A carbon atom has several atomic orbitals which specify its electron configuration. A possible syntax might be something like

[[has many::atomic orbitals::{{n=1}{l=s}{electrons=2}, {n=2}{l=s}{electrons=2}, {n=2}{l=p}{electrons=2}}]]

A way to make it recognize what this means would be to define two different types of attributes, normal attributes and instance attributes. The article called "atomic orbital" could then define normal attributes which would be valid for all atomic orbitals, but also instance attributes which would be defined but not used in the atomic orbital article itself, but used to decribe special instances of a atomic orbitals in articles about atoms. The instance attributes could be declared at the bottom of the atomic orbital article. Example syntax:

[[Attribute:n:=int]][[Attribute:l:=char]][[Attribute:electrons:=int]]

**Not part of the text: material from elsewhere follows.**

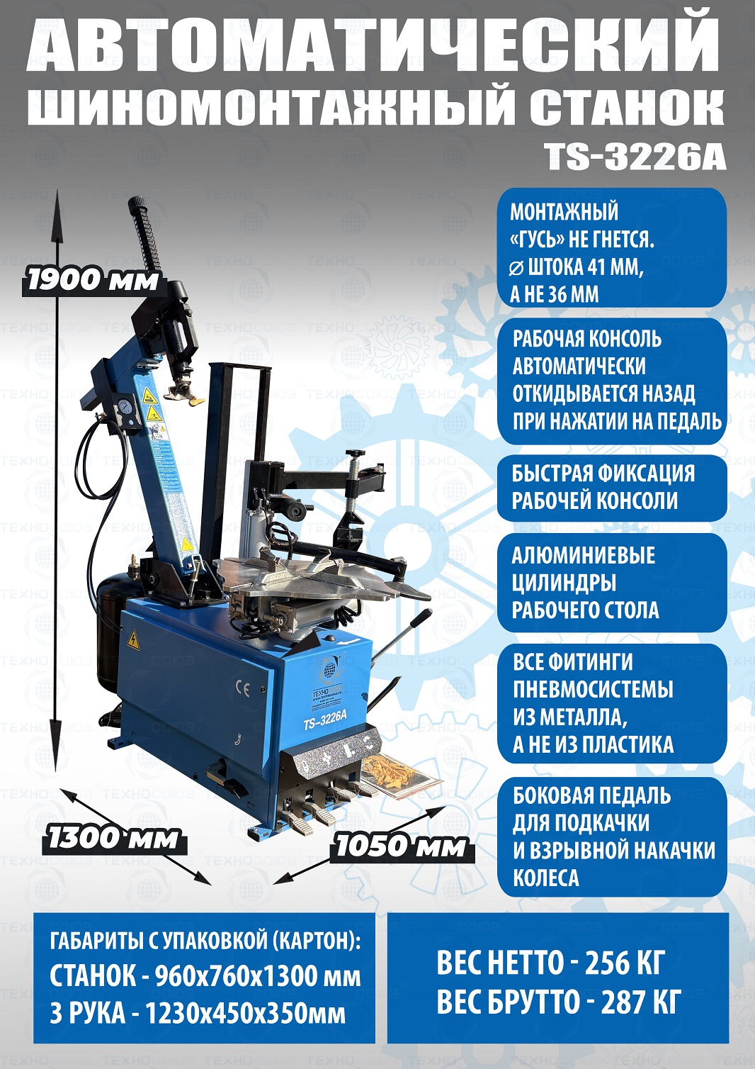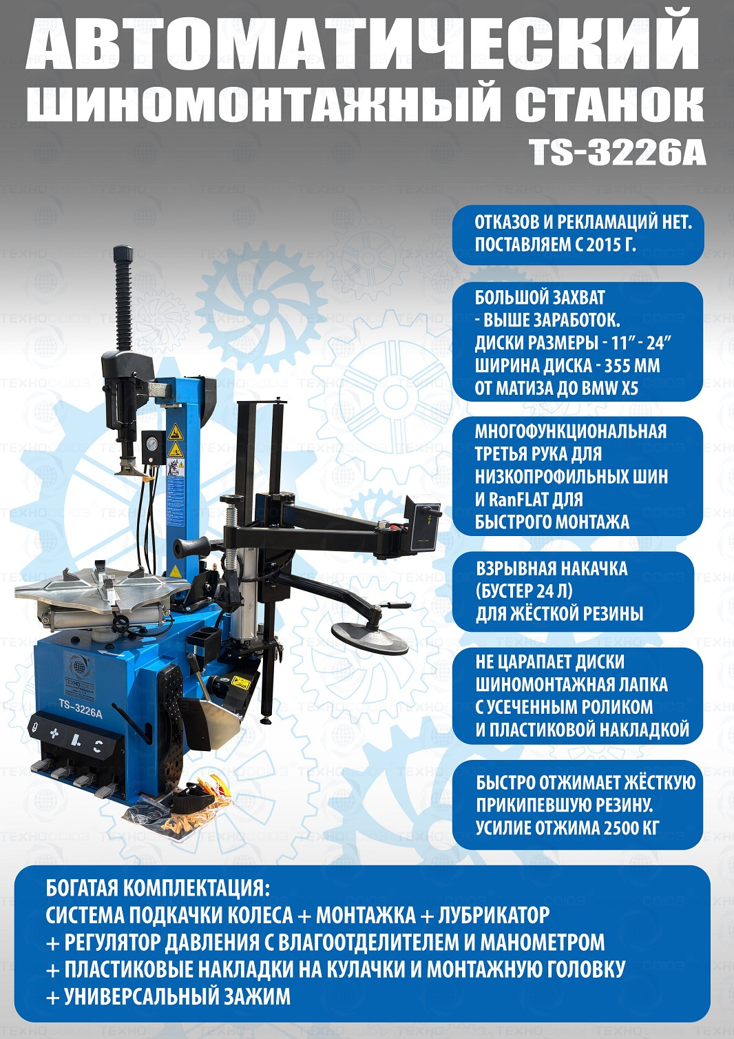Автоматического шиномонтажного стенда TS-3226А предназначен для монтажа и демонтажа шин легковых автомобилей, внедорожников и легких грузовиков с размером колес 11-24 дюйма. Усилие пневмоцилиндра в 2500 кг. В комплекте: полноценная 3-й рука для работы с жесткой и низкопрофильной резиной RUNFLAT. + встроенный бустер  24 литра (взрывная подкачка) + пистолет для подкачки шин + монтажка + регулятор давления с влагоотделителем и манометром.
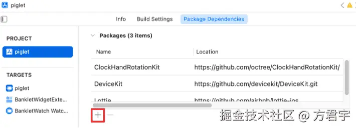 打开Xcode项目,点击左侧的项目名称 – PROJECT – 项目名 – Package Dependencies,点击“添加”按钮,引入GitHub第三方库ClockHandRotationKit(github.com/octree/Cloc…)。

This could mean that other articles could then declare an instance of these attributes using the syntax

[[has one::atomic orbital::{n=value}{l=value}{electrons=value}]]
if it had one atomic orbital

or

[[has many::atomic orbital::{n=value}{l=value}{electrons=value},{n=value}{l=value}{electrons=value},
{n=value}{l=value}{electrons=value}]] 

if it has many.

Alternative 2: If userdefined composite datatypes are used instead you could instead define a single electronconfiguration attribute which would then have all the atomic orbitals built in. The syntax for defining electron configuration for a particular element could then be [[Electron Configuration:={n=3}{l=d}{electrons=6}, {n=4}{l=s}{electrons=2}]].

The electron configuration attribute would then need to have a special electron configuration datatype. This might be defined as

 
[[datatype:name:(element1=datatype, element2=datatype, element3=datatype...)]]

where datatype could be for example string, integer, character, complex number etc.

An example: Datatype definition

[[datatype:Colordatatype:(color1=string,color2=string)]]

Attribute definition

[[datatype::Type:Colordatatype]]

Use of this attribute in an article about an object with two colors

[[Colorattribute:={color1=red}{color2=blue}]]

So to summarize with how this might be used for electron configuration:

Datatype definition

[[datatype:Electronconfiguration:({n=int}{l=char}{electrons=int})]]

Attribute definition:

[[datatype::Type:Electronconfiguration]]

Use in an article about an atom

[[Electron Configuration:={n=3}{l=d}{electrons=6}, {n=4}{l=s}{electrons=2}]]

The electron configuration datatype was specified as a triple representing an atomic orbital and in this example there are two atomic orbitals separated by a comma.

Some notes though, say you wanted to define the datatype vector using this, it might be something like

[[datatype:Vector:(x=float)]]

The syntax should allow for using elements like this {value},{value},{value}, instead of {name1=value},{name2=value}... because if this was used in, say an attribute weirdvector of datatype vector:

[[Weirdvector:={1},{5},{3},{7},{8},{9}]]

would make more sense than

[[Weirdvector:={x=1},{x=5},{x=3},{x=7},{x=8},{x=9}]]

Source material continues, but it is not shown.